En toda familia, en toda casa existen muchas tradiciones. Algunas las heredamos de nuestras familias, otras las vamos adoptando en el camino. Y eso hice yo con los famosos duendes.

Es una tradición de los estadounidenses que conocí cuando #minispeedy tenía unos 3 años.

Se trata de un duende que llega el 1 de diciembre y se va el 24 de diciembre y es como un espía de Santa Claus. O sea, el duende se encarga de decirle a Santa si los niños se portan bien para que tengan regalos. Además hacen travesuras todas las noches con su magia.

A mi me pareció divertido y bastante útil en el momento. Así que llegó Elfie a nuestra vida y cuando #miniplausi estuvo más grande llegó también Lilly.

Hay diferentes reglas para estos duendes y como en todo pues aplico lo que me acomoda.

Por ejemplo, se supone que los niños no pueden tocar a los duendes porque pierden su magia, sin embargo en mi casa esa regla no existe porque mis hijos aman llevar a sus duendes de arriba para abajo.

Las travesuras no las hacen diario, tengo que aceptar que no siempre tengo la imaginación o la energía para ello.

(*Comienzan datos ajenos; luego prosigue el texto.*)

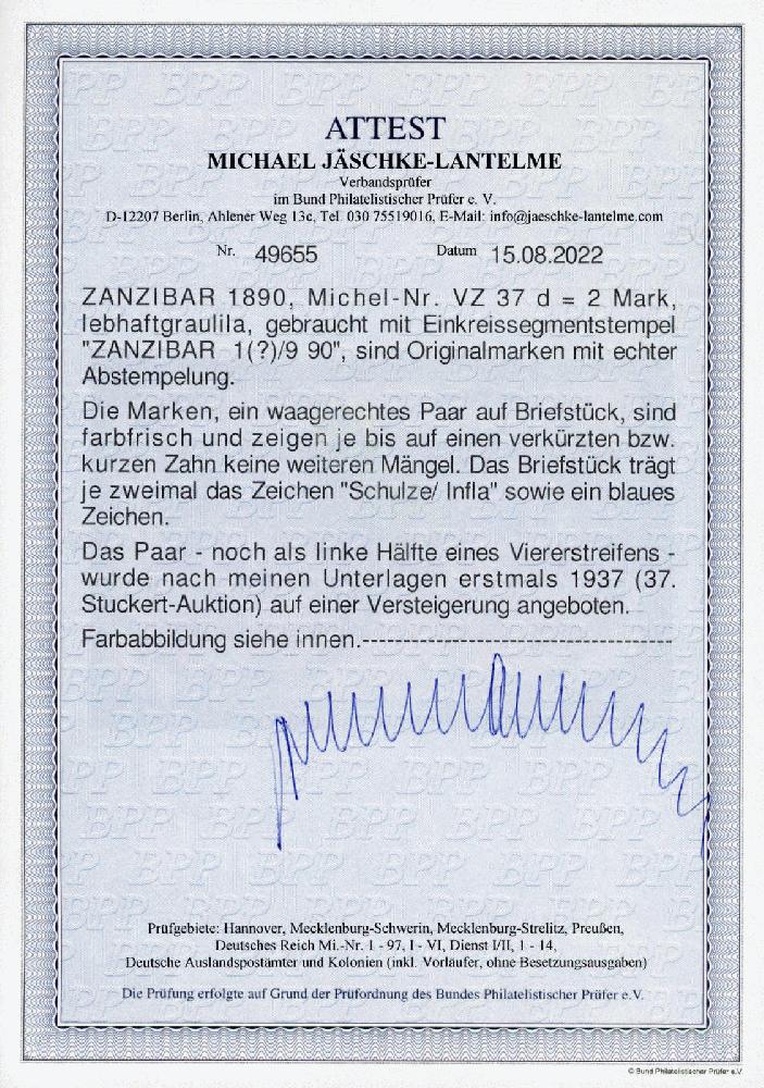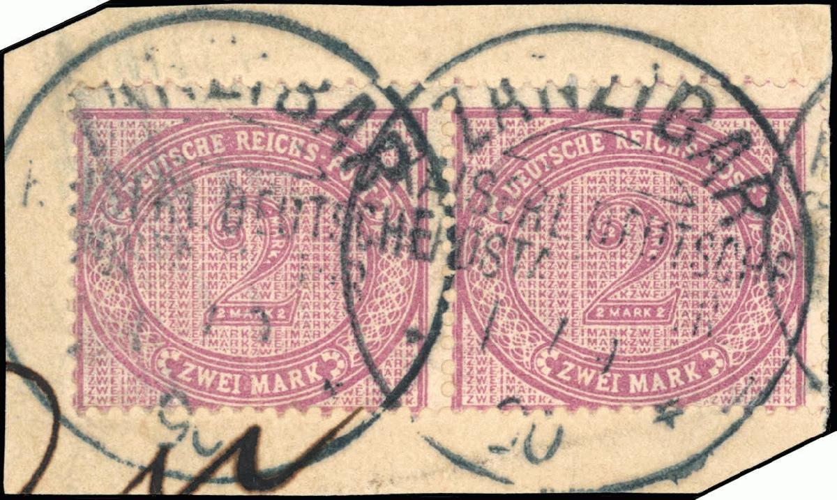 | Zusatzinformationen und Suchstichworte: | 32. Schlegel Auktionshaus Auktion 15. - 19. Mai 2023 Los 6078 Deutsche Kolonien Ostafrika, Vorläufer Sansibar 1890, 2 M. Innendienst lebhaftgraulila, waager. Paar auf kl. Briefst., entwertet mit zwei Abschlägen "ZANZIBAR KAISERL. DEUTSCHE POSTAGENTUR 1?/9 90", farbfrisch und je eine verkürzte Zahnspitze, selten angeboten Zuschlag 990,00 EUR |
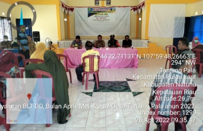 Natuna, SinarPerbatasan.com – Babinsa Desa Tanjungpala, Koramil 08/Pulau Laut, Kodim 0318/Natuna, Serda Zulkarnaini, turut menghadiri acara pembagian Bantuan Langsung Tunai Dana Desa (BLT-DD) tahun anggaran 2022.
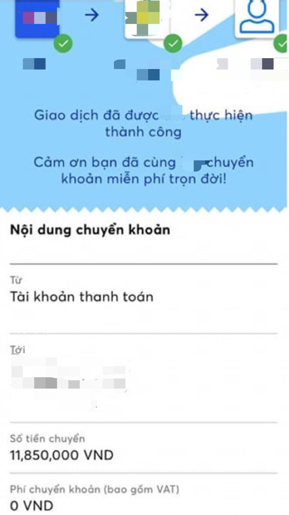 T.V cũng cho hay, cô đã làm việc với ngân hàng nhưng không giải quyết được. Không còn cách nào khác, V đã đăng tải hình ảnh chuyển khoản và cả đoạn tin nhắn với chủ tài khoản để cầu cứu dân mạng.
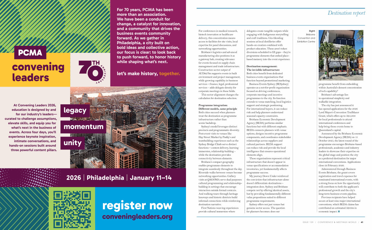 Sydney offers not just venues but genuine sector access. The question for planners becomes: does our
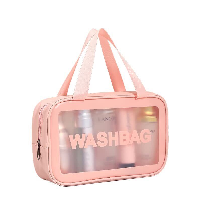 ビニールポーチ クリアポーチ WiViVi 防水 トラベルポーチ トラベルセット 温泉バッグ 半透明なPVC素材 化粧品 ポーチ メイクポーチ スパバッグ メイク収納 大容量 お風呂ポーチ (ピンク ラージ)

De hecho he recurrido a comprar kits que ya tienen todo planeado.

Pero siempre nos divertimos creando y sobre todo viendo a los chamacos descubrir las travesuras e intentando descifrar cómo le hacen los duendes para escribir, trepar, jugar, etc.

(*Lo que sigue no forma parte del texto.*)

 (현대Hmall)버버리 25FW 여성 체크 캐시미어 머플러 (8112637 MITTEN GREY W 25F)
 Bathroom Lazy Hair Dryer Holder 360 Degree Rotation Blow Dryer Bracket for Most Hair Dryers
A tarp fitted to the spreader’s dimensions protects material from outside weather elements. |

En alguna ocasión sí los hemos usado para poner una advertencia sobre los comportamientos.

Hace un par de años el duende le entregó a #miniplausi un pedazo de carbón con una carta que decía que Santa estaba muy triste por los berrinches que le hacía a mamá y que le dejaba la muestra de lo que iba a llegar al árbol si continuaba haciéndolos.

Por supuesto la pobre chamaca se llevó el susto de su vida e hizo un gran esfuerzo por no hacer berrinches. Hoy sé que los berrinches se solucionan de otra forma pero en aquel momento recurrí a los duendes y fue muy eficiente.

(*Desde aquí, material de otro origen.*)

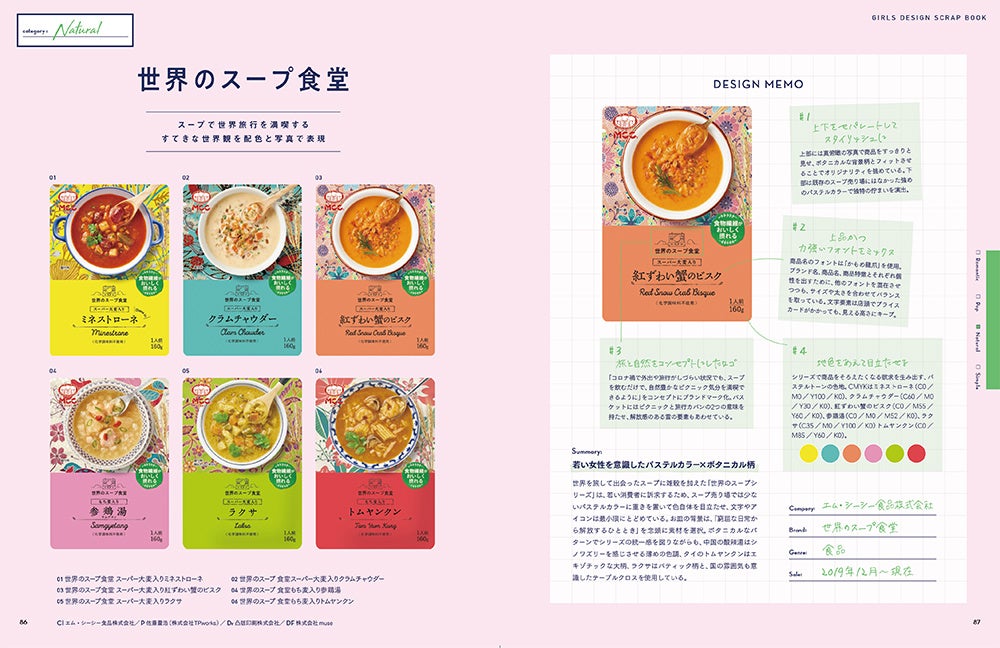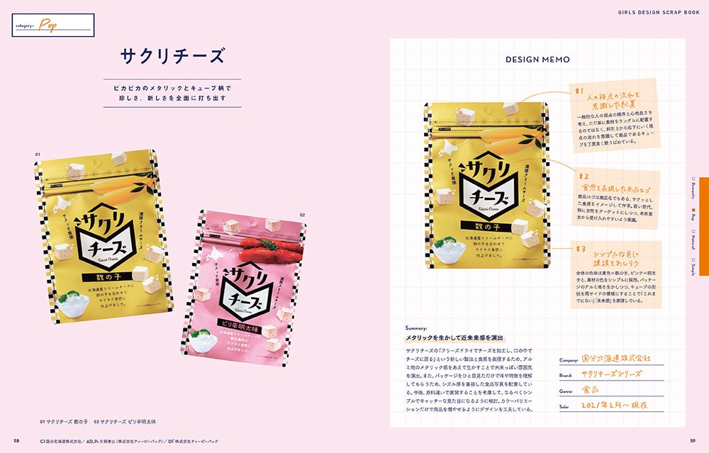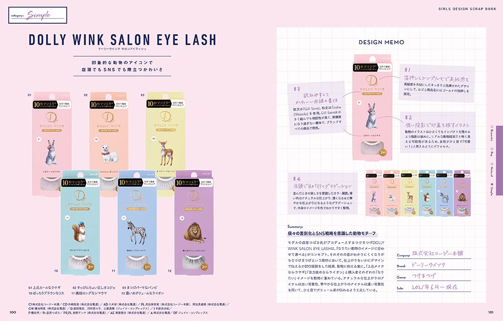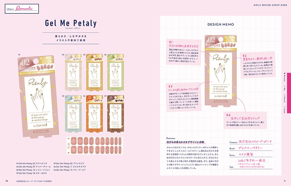 本書は素敵なデザイン実例をまとめた見本&アイディア帳です。掲載アイテムは、コスメ、食品、飲料などから全部で60点。店頭、雑誌、ネット、SNSと商品を目にする場所が変化するなかで、商品の魅力をアピールするのはもちろん、ターゲットである女の子に訴求するために工夫された実例デザインを集めました。デザインを実現するためのアイディア・ポイントを、デザイナーや広報担当者など、実際に制作に携わった方々に伺った内容をもとにまとめています。

En fin, a lo largo de los años hemos jugado y disfrutado junto con los duendes hasta que cuando llegaron este año, sucedió lo que no había sucedido y que tantas mamás reportan.

A #miniplausi le dio miedo el asunto de los duendes.

Este año los duendes llegaron el día que pusimos el árbol de Navidad como los años
anteriores. Todo fue felicidad hasta que un par de noches después me encontré a mi hija muy seria sentada en su cama aferrada a Lilly antes de dormir.

– Te veo triste.
— Estoy asustada.
– ¿Me quieres contar por qué estas asustada?
— Es que ya no quiero que Lilly se vaya de mi cama. Siento que me ve cuando duermo y me da miedo.

¡Changos! Y ¿ahora? El señor de la casa y yo nos volteamos a ver con cara de preocupación.

– Bueno corazón, si tu no quieres que haga travesuras podríamos hablar con ella.
— Es que sí quiero que haga pero me da miedo.

En ese momento me vinieron a la cabeza todos aquellos comentarios que había leído y
escuchado: Está de miedo eso de que los duendes cobren vida y hagan travesuras.

Es algo que no había pensado que sucedería. Vaya, no había sucedido en los años anteriores. No pensé que sucediera después.

Por supuesto que esa noche no hubo travesura porque hablamos con Lilly y le pedimos que se quedara en la cama. Pero teníamos otro problema: #minispeedy sí quería travesuras.

Entre mis hijos, tan creativos y resolutivos que son, decidieron dejarles una carta a los duendes donde les preguntaban si podían verlos y escucharlos, y les contaban del miedo de #miniplausi.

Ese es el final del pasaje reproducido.